Travel · ATM strategy

ATM strategy for India — low fees but low limits

By Aayush Jain5 min readUpdated May 2026

India has surprisingly low ATM fees for foreign cards — typically just ₹20–50 (under £1) per withdrawal. The challenge is the low withdrawal limits (₹10,000–20,000 per transaction) and the cash-heavy nature of the economy outside major cities. Here's how to manage it.

ATM fees in India

Most Indian bank ATMs charge foreign Visa and Mastercard cards ₹20–50 per withdrawal. HDFC, ICICI, SBI, Axis, and Kotak ATMs are all reliable for foreign cards. At ₹50 on a ₹10,000 withdrawal, that's 0.5% — far lower than Thailand, the USA, or Mexico. The fees are not the main issue; the limits and availability are.

Withdrawal limits

Indian ATMs typically cap withdrawals at ₹10,000–20,000 per transaction, and ₹20,000–40,000 per day for foreign cards. If you need ₹30,000 for a few days' spending, you may need two transactions. This is inconvenient but not expensive given the low per-withdrawal fee. Check your card's daily limit as it may be the binding constraint.

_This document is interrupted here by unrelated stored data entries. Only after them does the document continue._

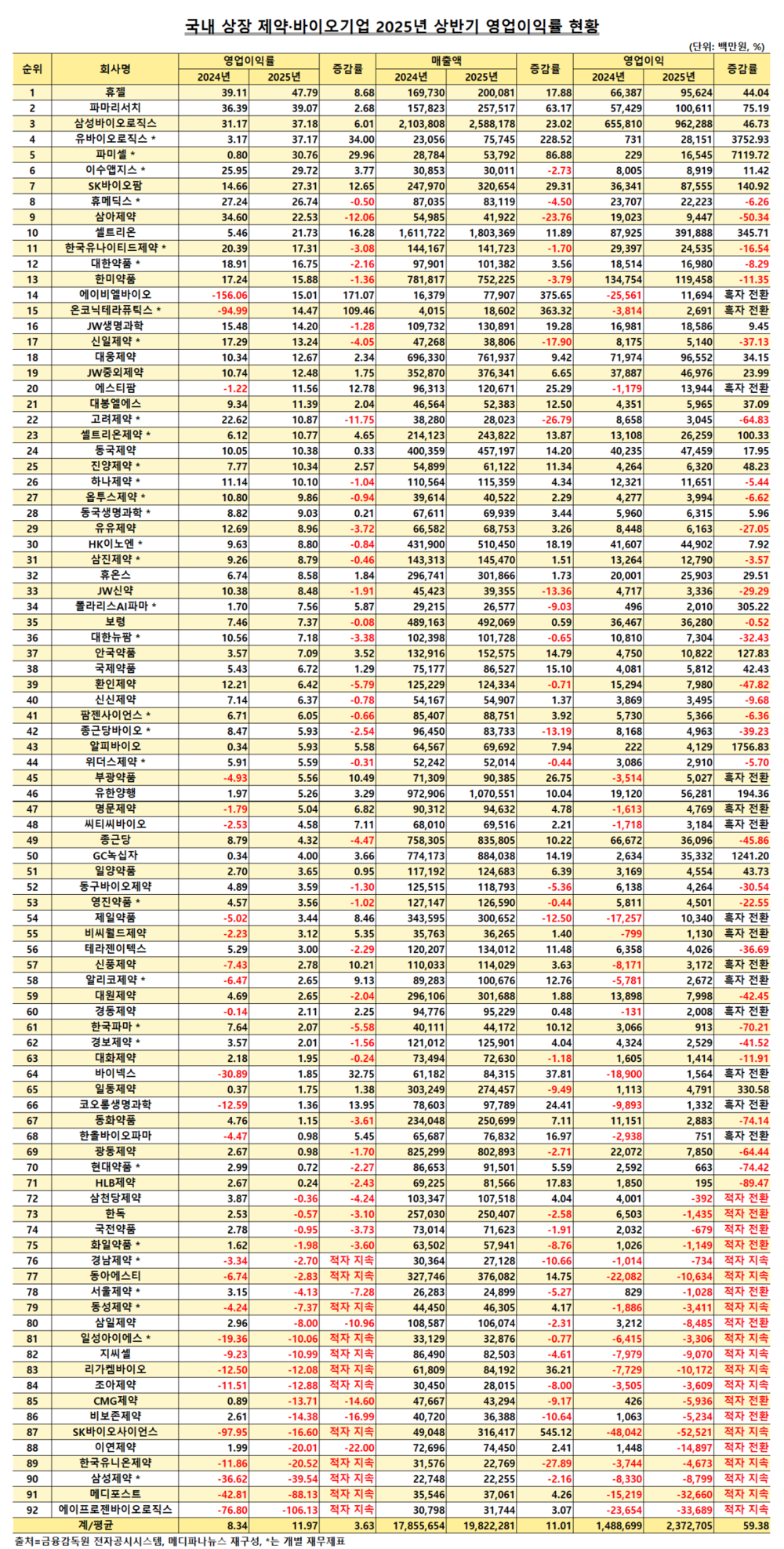 국내 상장 제약·바이오 기업 92곳 가운데 매출액 규모가 가장 큰 삼성바이오로직스는 상반기 영업이익률 순위를 지난해 4위에서 올해 3위로 한 단계 높였다. 이 기업 올해 상반기 영업이익률은 37.18%로 전년 동기 대비 6.01%p 늘었다.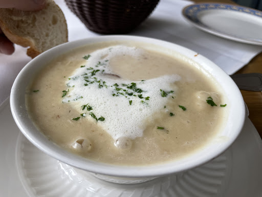 Selbstgemachter Kuchen (großes Angebot) läd Nachmittags ebenso zum Verweilen wie die Karte mit Fisch-und Fleischgerichten. Achtung: neue Öffnungszeiten. Bis 17 Uhr kann Essen bestellt werden, am Abend hat das Restaurant nicht mehr offen. Das Essen ist klassisch und lecker. Die Bedienung freundlich und die Toiletten sauber.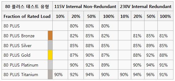 즉 효율이 높을수록 전력을 손실없이 잘 전달하여 발열이 줄어들고 소음도 줄어듭니다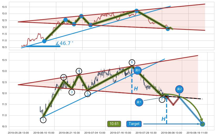 从2019-05-24 09:30至2019-07-23 11:30,共包含243个小时,阶段股价上涨16.58%,阶段股价变动位移路程比: 1 : 8,上涨趋势角度: 46.7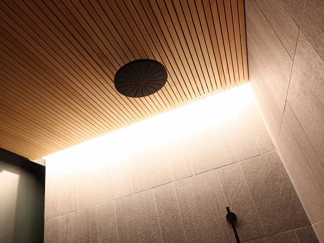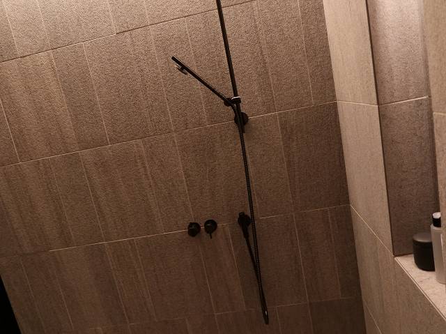 ハンドシャワーとレインシャワーの二種類が準備されています。ハンドシャワーの高さを変えるには後ろのボタンを押しながら上下すれば可能です。湯量も温度の安定度も申し分ありません。
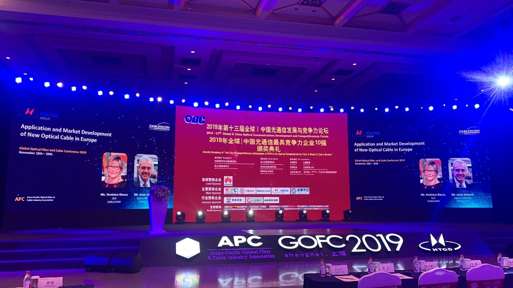 On November 18-20, Hengtong Group and Asian-Pacific Optical Fiber and Cable Industry Association (APC) jointly held Global Optical Fiber and Cable Conference 2019 (GOFC)  in Shanghai International Conference Center and showed four business sectors of Smart City, Smart Ocean, Emerging industry and International industry. More than 600 industry experts and leaders attended the meeting.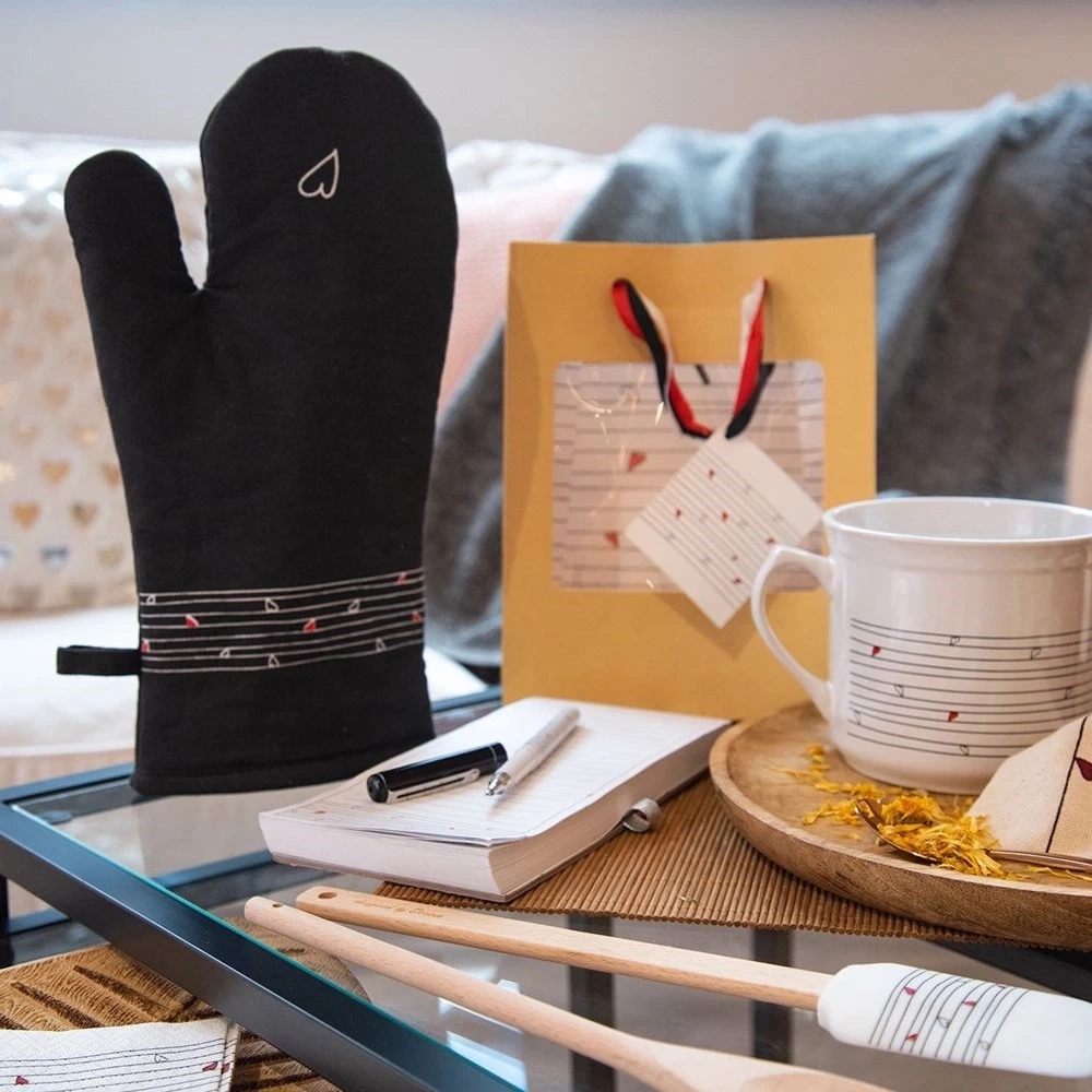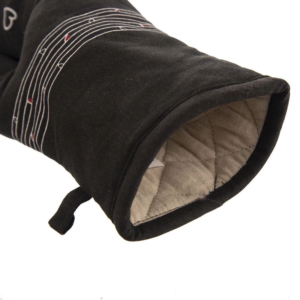- BAWEŁNIANA - Wykonana z wysokiej jakości bawełny w czarnym kolorze z delikatnym wzorem serduszek. Utrzymana w modnym stylu będzie pięknie prezentowała się w każdym wnętrzu, stanowiąc element dekoracyjny kuchni.

ATM availability outside cities

In Mumbai, Delhi, Bangalore, and major tourist areas (Goa, Rajasthan cities, Kerala backwaters hub towns), ATMs are plentiful. In rural areas, smaller towns, and remote destinations, ATMs can be scarce or unreliable. If you're doing a rural or slow-travel itinerary, withdraw more than you think you need before leaving a major city.

Which ATMs to use

HDFC Bank and ICICI Bank ATMs are the most reliably maintained for foreign cards and have the widest urban network. SBI has the largest absolute number of ATMs including in semi-rural areas — useful for wider India travel. Axis Bank ATMs also work well. Avoid standalone white-label ATMs in tourist areas (common in Goa and Rajasthan) which may have card skimming risks.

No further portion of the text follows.